Wolfram Computation Meets Knowledge

Computable Data Functions: A Crazy Idea That Just Works

Sometime rather alarmingly late in the Mathematica 6 release cycle it started to emerge that Stephen had a bunch of people working on an insane idea: including in Version 6 an entirely new set of features never before considered and definitely not on the release plan. Somehow this didn’t surprise anyone.

It was to be a system whereby people could access large amounts of useful data by way of simple function calls inside Mathematica, with those calls automatically going off to our servers to get updated information, or even real-time feeds like current stock prices. Needless to say, none of the server- or client-side technology to make this possible existed, but hey, it sounded like a good idea.

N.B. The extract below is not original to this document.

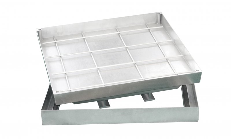 Обвязка из арматуры Ø 8 мм опирается на посадочное основание каркаса ляды, принимает нагрузку и перераспределяет на корпус.Тяжелая крышка прижимает резиновый уплотнитель в посадочное ложе, раскрепленное анкерными болтами в опалубке. Для доступа в смотровой колодец Вы вывинчиваете шестигранником 4 шпильки из уголков крышки с втулками, вворачиваете инструмент открывания и поднимаете корыто вручную.

It turned out to be a very good idea.

As discussed in my previous blog post about building interfaces in five minutes, Mathematica is a great system for building interfaces in five minutes (or less). An example like this is marvelously simple:

Instant dynamic interactivity

But there’s no depth to it, and frankly once you’ve seen one interactive trig function, you’ve seen ’em all. It’s a great technology demonstration, and you can clearly see where you might go with it to make something really useful, but it is not, in and of itself, really all that great.

The problem is that to add richness and real-world texture to an example generally requires a lot of stuff—either a lot of code or a lot of data—and how can you do that in five minutes? This is one of the problems that data functions solve. (Data functions are also very useful for more serious work, but I’m concentrating here on what you can do in five minutes or less.)

Suppose that instead of having the slider move a sine function around, you want to have it flip through the historical charts of GDP for all the NATO countries. How many lines of code would that take?

The answer is two:

Manipulate[DateListPlot[CountryData[c, {{"GDP"}, {1970, 2005}}], PlotLabel -> c],
{c, CountryData["NATO"], ControlType -> Slider}]

Country Data

That’s a lot of richness and depth for two lines of code. You might even learn something.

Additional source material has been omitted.